この時、あたしはすべてを悟った。これはカミナが仕組んだ悪戯であることを。
「お、お前……。人が心配してると思えば……」
「いやぁ、起きたらお前の声が聞こえてきたからこっち来るかなぁって思ってよ。折角だし脅かそうかと思ってさ」
相変わらず清々しい笑顔に奏は先程まで本気で心配した自分があほらしく感じた。
「このバカミナぁぁぁっ!」
お礼にあたしは全身全霊の拳をカミナにぶつけてやることにした。
「へぶっ!」
その拳はカミナの顔面にクリーンヒットし、そのまま後ろに倒れた。
「えっ?」
あまりにもあっさり当たってしまったことに素っ頓狂な声を上げた。避けるなり受け止めるなりすればいいものをカミナは何も出来ずにもろに攻撃を受けたのだ。
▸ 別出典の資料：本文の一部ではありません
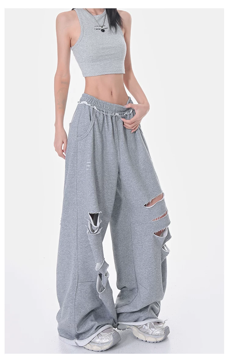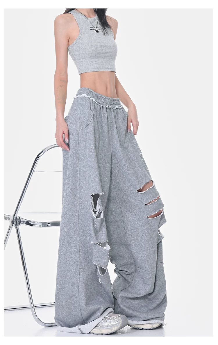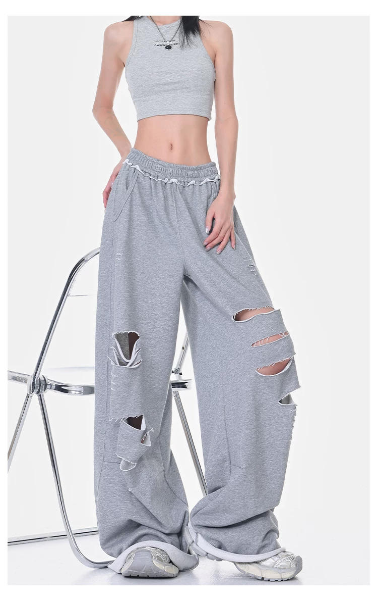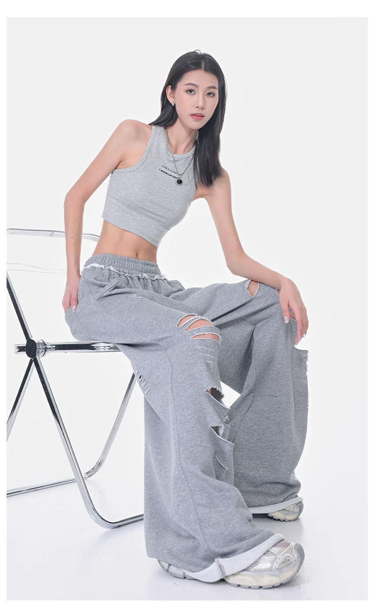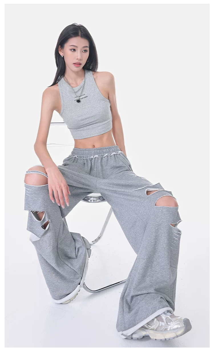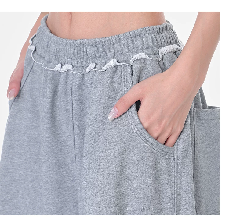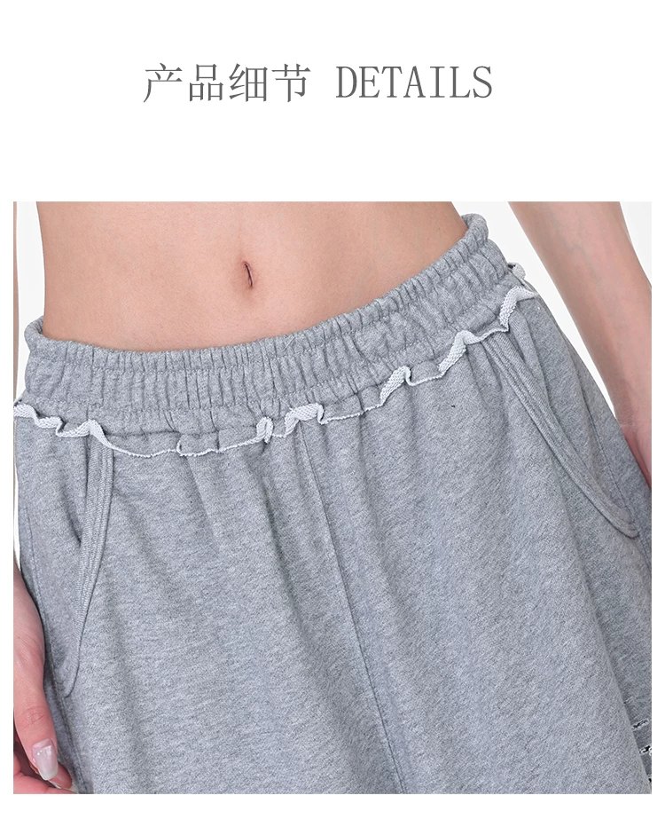 - KEN STUDIO mùa hè phong cách mới quần thể thao xẻ tà màu xám quần thể thao dáng rộng lưng cao quần ống rộng cho nữ

倒れたカミナは起き上がろうともせず、そのままぐったりと横になっていた。
「おい、もうその手は効かねぇぞ」
流石に同じ手を食う程、あたしはバカじゃないつもりだ。
「いや……。あのー、大変申し訳ないんだが、何か食いもんくれ。腹が……減った」
ほぼ同時にこれまで聞いた中で一番大きな腹の虫がカミナの腹から鳴り出した。
「はぁっ?」
「えっ……」
あたしと翼は揃って困惑するが、カミナにとってしてみればかなり切実だったようだ。随分と衰弱しきった顔になりつつあったのだ。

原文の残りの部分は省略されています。